Les protéines PD-L1 et PD-L2, avec différents profils d'expression à la surface des cellules tumorales ou CPA, ont été identifiées comme ligands de PD-1, et l'interaction de ces molécules avec le récepteur PD-1 induit la suppression des lymphocytes T. PD-L1 peut également interagir avec B7-1 sur les cellules T activées et inhiber leur activité. PD-L2 possède un second récepteur, RGMb. Si cette interaction active dans un premier temps les lymphocytes T, elle engendre ensuite une tolérance respiratoire. Enfin, PD-L1 à la surface des cellules tumorales peut agir en tant que récepteur suite à son interaction avec PD-1 et protéger les cellules tumorales de la lyse cytotoxique. Adapté de 155.
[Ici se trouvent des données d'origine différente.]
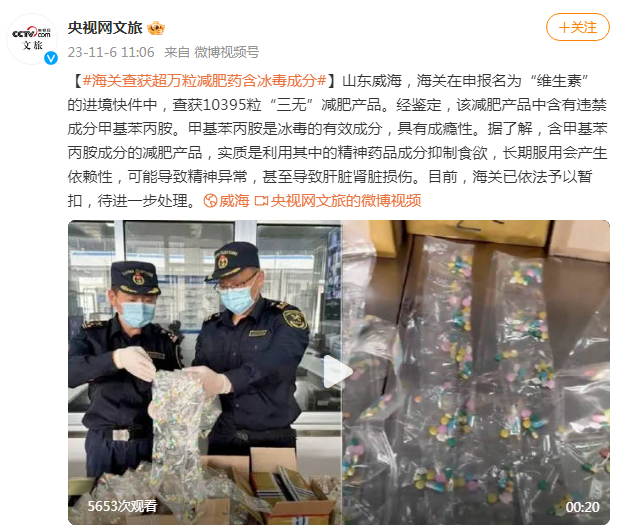 山东威海,海关在申报名为“维生素”的进境快件中,查获10395粒“三无”减肥产品。经鉴定,该减肥产品中含有违禁成分甲基苯丙胺。甲基苯丙胺是冰毒的有效成分,具有成瘾性。据了解,含甲基苯丙胺成分的减肥产品,实质是利用其中的精神药品成分抑制食欲,长期服用会产生依赖性,可能导致精神异常,甚至导致肝脏肾脏损伤。目前,海关已依法予以暂扣,待进一步处理。
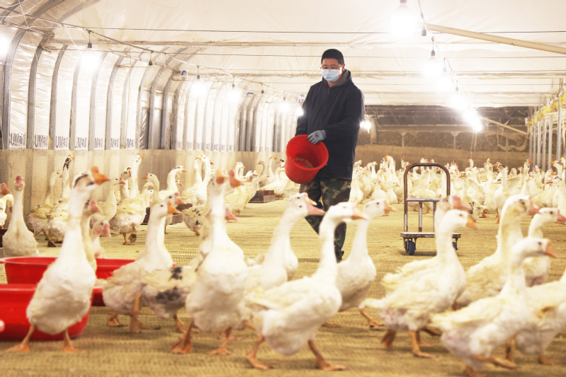 在臨海農(nóng)場種鵝養(yǎng)殖基地的鵝棚內(nèi),青年養(yǎng)殖人員正專心進行喂食、撿蛋工作。
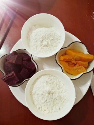 和面(用蒸好紫薯,南瓜里热水一起和)静置半小时
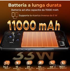 OUKITEL WP55S Rugged Smartphone 2026 Android 15, 24GB(8+16)+256GB/2TB Telefono Cellulare Indistruttibile, 11000mAh, 6.6" FHD+ 120Hz, 64MP+32MP, MTK Helio G100, Dual SIM/NFC/Fingerprint/FaceID/OTG/GPS

Bien que de multiples études aient démontré des fonctions inhibitrices pour les ligands de PD-1, PD-L1 et PD-L2, d'autres ont indiqué une stimulation de la prolifération lymphocytaire et de leur production de cytokines 120. Aussi, l’ajout de protéine recombinante PD-L1-Ig dans le milieu de culture augmente les réponses des cellules T CD4+ et l'immunité humorale dépendante des cellules T helper 155. Ces données contradictoires suggèrent donc l’existence d’un second récepteur exprimé à la surface des lymphocytes. Cette hypothèse s’appuie notamment sur les résultats de l’étude menée par Wang et al., en 2003 : en utilisant des modèles tridimensionnels et de mutagénèse spécifique, ils ont démontré que les mutants de PD-L1 ayant des caractéristiques altérées de liaison avec PD-1 sont encore capables d’induire la co-stimulation des lymphocytes T. Ces mutants stimulent également les lymphocytes T PD-1-déficients 159. Ce n’est qu’en 2007 qu’à été mise en évidence l’interaction entre les protéines PD-L1 et B7-1 ; l’affinité entre ces deux molécules est intermédiaire (1,7µM) par rapport aux liaisons B7-1/CTLA-4 (0,2µM), B7-1/CD28 (4µM) et PD-L1/PD-1 (0,5µM) 158. PD-L1 et B7-1 interagissent au niveau de leur domaine extracellulaire IgV-like, et engendrent un signal inhibiteur des lymphocytes T conduisant à une diminution de leur prolifération et de la sécrétion de cytokines 156. Ces protéines étant toutes deux exprimées à la surface des lymphocytes T, lymphocytes B, cellules dendritiques et des macrophages, il existe donc au niveau de ces cellules une possibilité d’interaction

L’existence de cette seconde interaction peut nous permettre de mieux comprendre certains résultats contradictoires obtenus in vitro suite à l’utilisation d’anticorps bloquants. En effet, si certains bloquent à la fois les interactions PD-1/PD-L1 et PD-L1/B7-1, d’autres en revanche inhibent uniquement l’une de ces deux interactions avec un effet moindre sur l’activation des lymphocytes.